A contributing factor to the lack of disability insurance may be recent shifts in workplace benefits that give workers the option of whether to purchase group benefits such as disability, life, vision and dental insurance, which more often than not they turn down. According to the report, these choices here have left a significant proportion of the American workforce unprepared.

“We must educate the U.S. workforce to understand the financial risks of long-term disability and learn best practices to mitigate their risks,” said Robert Klein, Jr., VP of voluntary benefits. “If 10 couples gather for a barbecue, we estimate that roughly three of them will have a partner who experiences a disability lasting one year or longer during their professional lifetimes.”

The report attempts to subdivide workers who don’t buy group voluntary long-term disability coverage into three categories: The gambler, who doesn’t think the risk justifies the cost of premiums (38 percent of respondents); the mole, who hasn’t considered the issue and remains blind to solutions (38 percent); and the ostrich, who finds the thought of disability too unpleasant to face (19 percent).

Workers under age fifty, minorities, men and tech workers are more likely to have purchased long-term disability insurance than other respondents.

Fifty-three percent of respondents believe that government programs such as Social Security would cover living expenses. However, the report points out that filing can take months, and even then, only 35 percent of SSDI claims applications receive approval each year.
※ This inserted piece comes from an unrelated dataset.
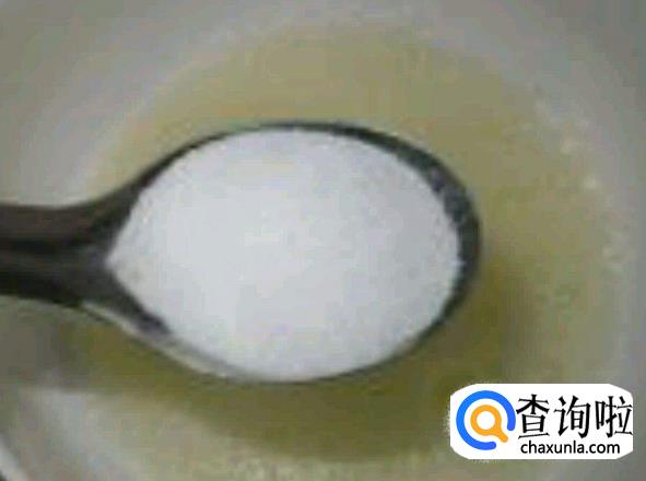 拿起打蛋器用力顺时针方向打,打到颜色发白,全是沫沫的时候,再加一勺白糖,半勺子盐。

Perhaps another misguided approach, the report found that among workers was that disability insurance belongs at the bottom of the list of priorities, behind health, life, vision and dental. The largest group of workers (41 percent) named life insurance the most important; one-third named dental insurance their most important coverage aside from health.

The report consists of responses from more than 2,000 workers across the United States and was conducted for Sun Life by Kelton Research.